Recombine FS inputs into vectors #56

anarsoul · 2018-05-24T00:43:20Z

NIR splits outputs and inputs in nir_lower_io_to_scalar_early() and unfortunately for FS it means increased number of instructions and increased register pressure.

We need to recombine inputs from scalar to vectors.
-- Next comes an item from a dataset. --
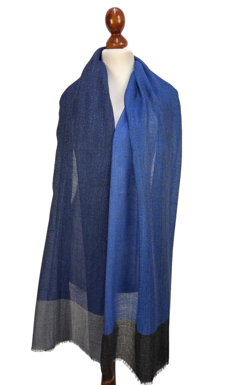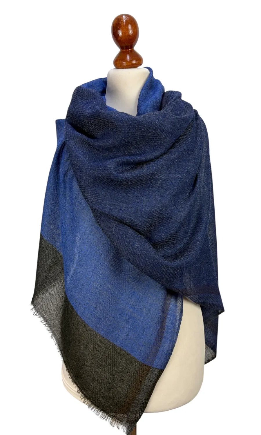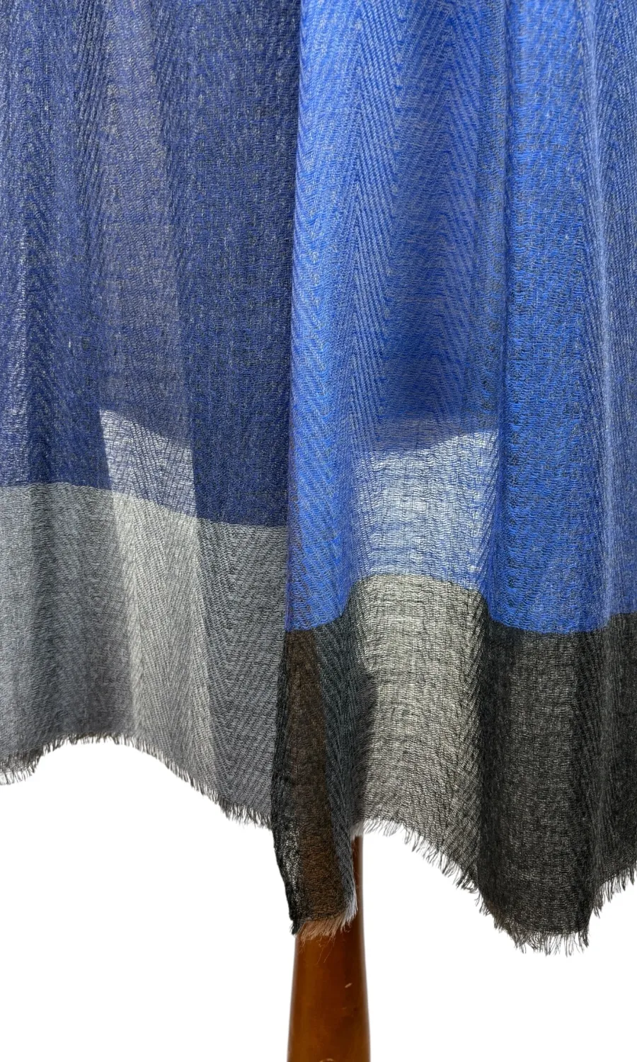 Dieser Schal wurde in Indien in einer kleinen Firma hergestellt und ist somit eine limitierte Besonderheit. Mit seiner Größe von 70cm x 200cm ist er bestens geeignet, um ihn vielseitig zu binden und zu tragen. Die feine Wolle ist hervorragend für kühlere Tage - auch an lauen Sommerabenden dient der Schal als Jackenersatz, großflächig um die Schultern getragen. Mit einem Gewicht von nur 110g ist er der perfekte Begleiter im Alltag und verzaubert mit seinem klassisch eleganten Design.

See https://www.mail-archive.com/[email protected]/msg189216.html

yuq · 2018-05-24T02:02:17Z

Right, I also meet this problem after 18.0 rebase. But due to want to focus on kernel, I haven't solve it from the root. Now I'm doing 18.1 rebase, so will cover these NIR changes in a better way.

anarsoul · 2018-05-25T06:32:02Z

kmscube -M rgba fails in lima-18.0 branch due to this issue with "ppir: ppir: regalloc fail"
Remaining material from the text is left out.